Un troisième écueil vient en outre de surgir. Il s’agit bien sûr du frein à l’immigration accepté par le peuple en février dernier. Sans gloser sur les conséquences possibles pour l’économie genevoise, rappelons simplement quelques chiffres, mis en lumière récemment par le Conseil d’Etat. En 2013, quelque 37 000 permis ont été délivrés, contre 276 000 annulés. Cela démontre assez que Genève a besoin de main d’œuvre étrangère et que la rotation élevée que connaît cette main-d’œuvre s’accommodera difficilement d’un système de contingents.

Mais le premier effet de cette votation est surtout d’avoir ouvert une ère d’incertitude. Qu’adviendra-t-il de nos relations avec l’Europe ? Comment les entreprises étrangères implantées en Suisse analysent-elles la situation ? Quelles conclusions en tireront-elles ?
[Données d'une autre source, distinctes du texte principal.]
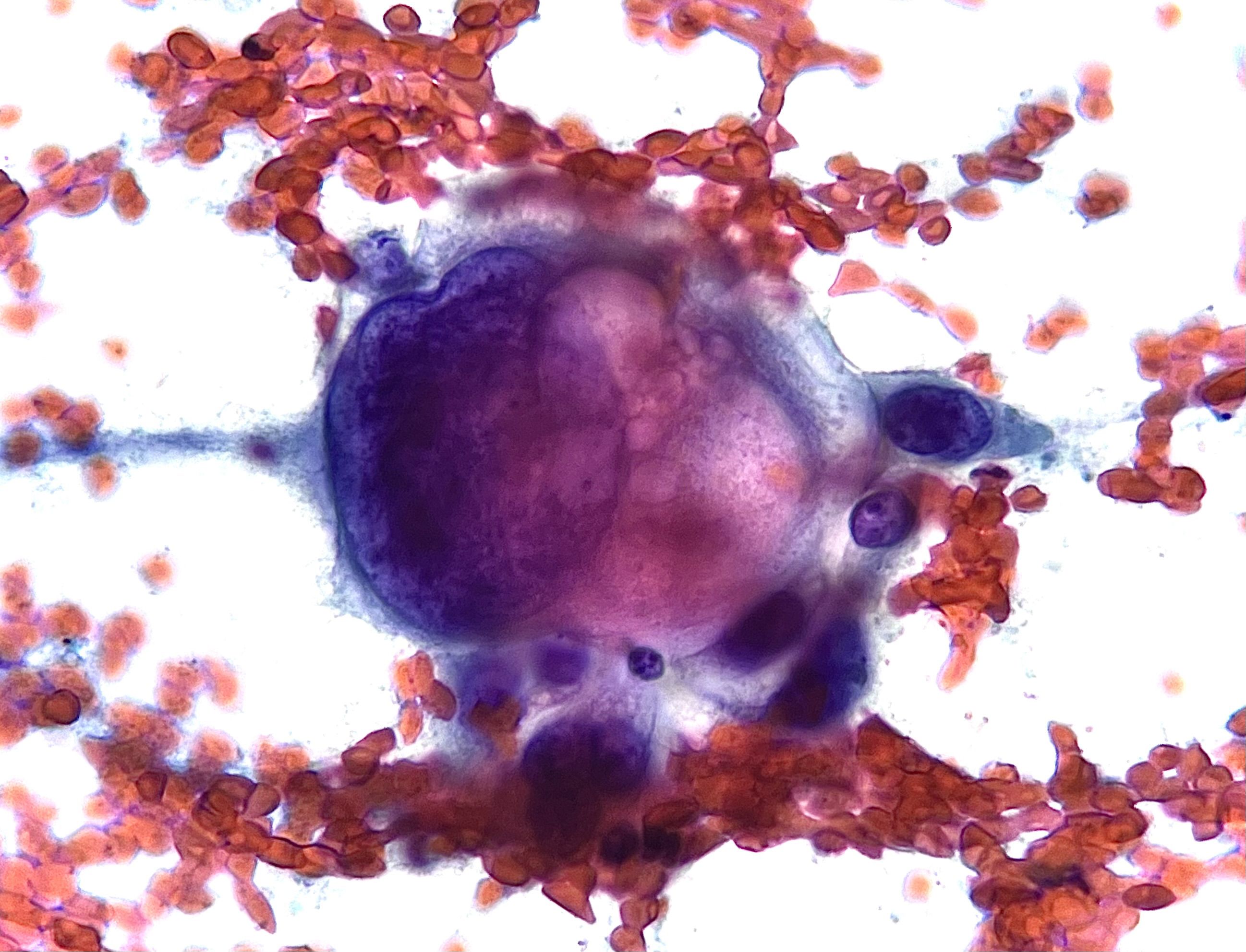 Malignant Colossus by Tania Labiano, Cytopathologist, Pamplona, Spain. This photomicrograph depicts an exceptionally large malignant cell from an EBUS-guided FNA cytology of lung adenocarcinoma.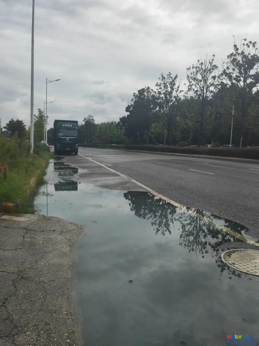 △開發(fā)大道融創(chuàng)城潯樾小區(qū)路段污水橫流。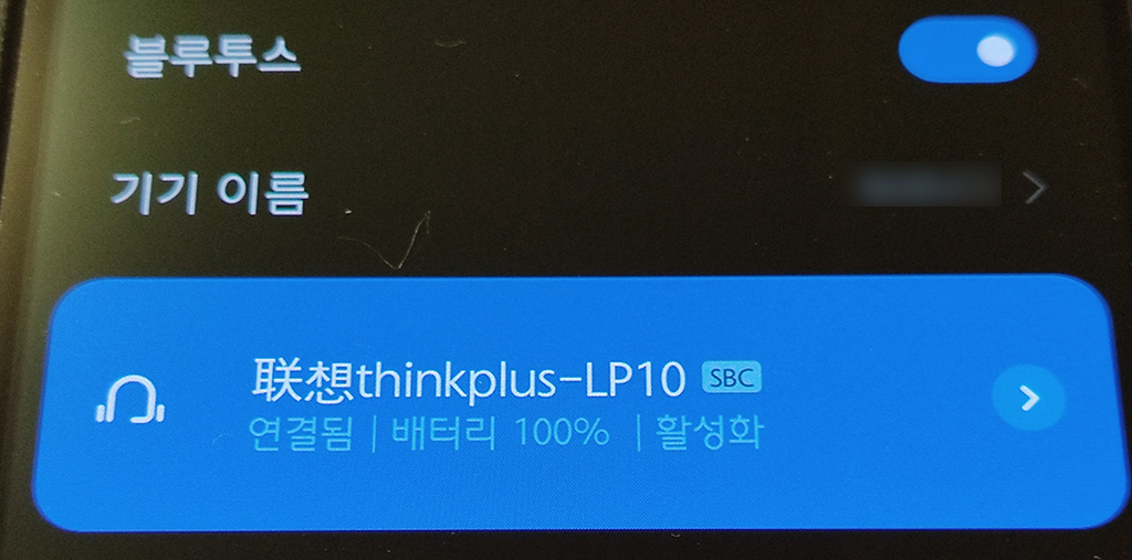 연결 방법은 충전 케이스를 열기만 하면 애플 에어 팟처럼 모두 다 같이 연결 시도가 바로 됩니다. 표시되는 이름은 레노보의 중국 이름이라는 联想(렌상) thinkplus-LP10이라고 표시됩니다. 아이폰은 연결되는 블루투스 기기에 대한 지원 CODEC 종류를 사용자가 따로 알 수 없으므로 연결이 되고 소리가 나오는지만 확인했으며, 결론적으로 잘 들립니다. 볼륨이 안드로이드 기기 대비 좀 더 크게 들리는 것은 제 아이폰 X 가 미국에서 가져온 것이라 국 내 것과 차이가 있는지 확실치는 않지만, 일단 볼륨 자체가 좀 크게 동작하는 느낌입니다.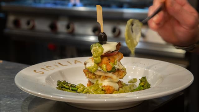 Een lief wit terras nodigt je uit in deze vernieuwde trattoria, lunchroom en restaurant. De laars van Italië siert de natuurstenen muur en dan weet je dat je hier heerlijk Italiaans gaat eten of meenemen. Kleine hapjes en handzame porties uit de Siciliaanse keuken die op bestelling ook af te halen z...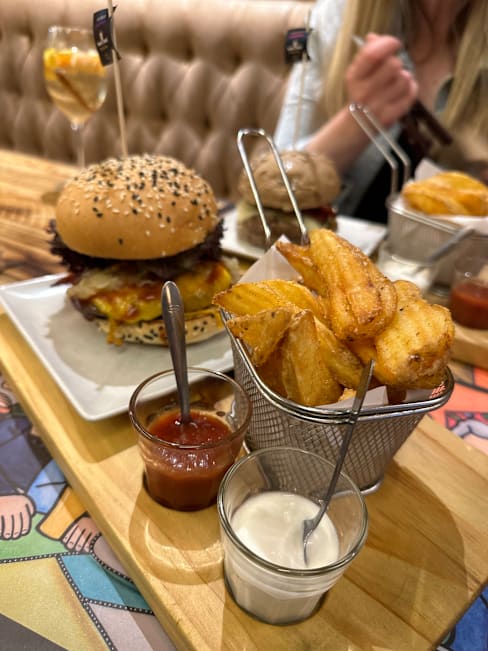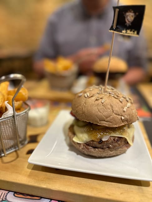 9.5/10In a cosy, medieval inspired spot, a fine hamburger meal was served. Aided by very attentive and welcoming staff, we enjoyed every last bit of our meal, from the crisp onion rings, to the star of the show, the tender and amazingly put burger, to the finale, with a soft, rich dessert to cleanse the palate. Definitely recommend this spot, am curious to try out the other locations!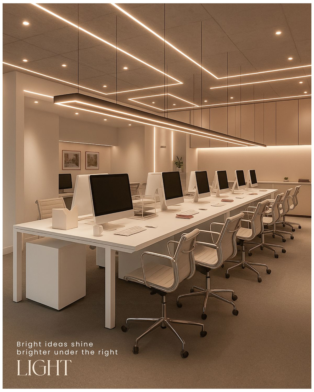 Trong giới kinh doanh, văn phòng chính là bộ mặt của doanh nghiệp. Một hệ thống chiếu sáng được đầu tư bài bản thể hiện sự tinh tế của chủ nhân. Thiết kế chiếu sáng kiến trúc đúng nghĩa không phải là lắp thật nhiều đèn, mà là cách chúng ta điều khiển bóng đổ, tạo điểm nhấn và khơi gợi cảm xúc. Khi bước vào một văn phòng được thiết kế lớp lang, khách hàng và đối tác sẽ ngay lập tức cảm nhận được sự chuyên nghiệp, sang trọng và tầm nhìn của nhà lãnh đạo.
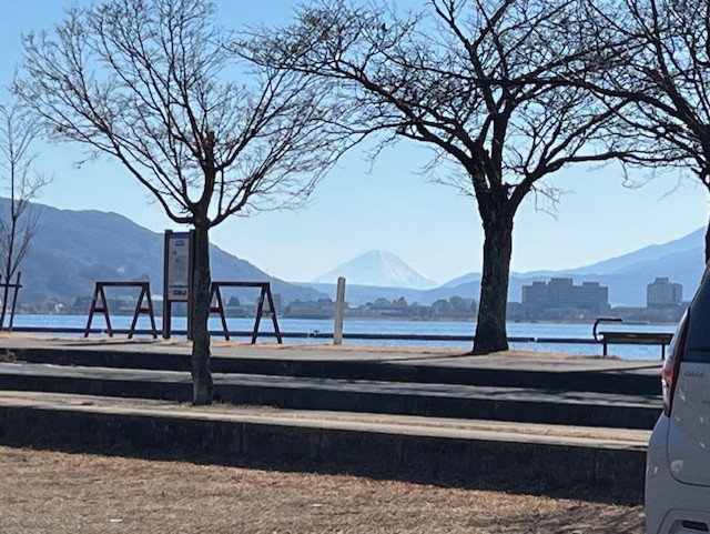 快晴で諏訪湖の向こうに冨士山が見えました!

Or, l’économie a horreur de l’incertitude. L’une des forces principales de la Suisse était la sécurité de son droit. Battue en brèche par les manœuvres de pays concurrents qui aspirent à récupérer une part de notre richesse, la stabilité juridique est aujourd’hui minée par des décisions populaires prises sans véritable compréhension des enjeux.

Le travail commence bien en amont des campagnes de votations. Tout d’abord, c’est notre rôle, en tant que Chambre de commerce, d’accompagner le politique et d’imprimer le rythme de navigation. Car il faut avancer toutes voiles dehors !

Et c’est aussi le travail des associations économiques de se donner encore et toujours plus de peine pour expliquer les mécanismes de l’économie à la population, pour les illustrer, pour démontrer pourquoi les enjeux des prochaines votations sont vitaux – et l’adjectif n’est pas excessif.

Et il vous appartient, Mesdames et Messieurs, de participer à cet effort. Derrière les statistiques qu’on utilise pour traduire notre situation économique, il ne faut pas oublier qu’il y a des femmes et des hommes qui dépendent des emplois générés par notre prospérité. La prospérité économique n’est pas un slogan, c’est une nécessité pour les individus. C’est une nécessité pour la société.

Les nuages d’orage qui s’amoncellent à l’horizon ne sont pas un simple phénomène météorologique passager. Si nous ne redoublons pas d’efforts, ils pourraient bien marquer la fin du bien-vivre helvétique.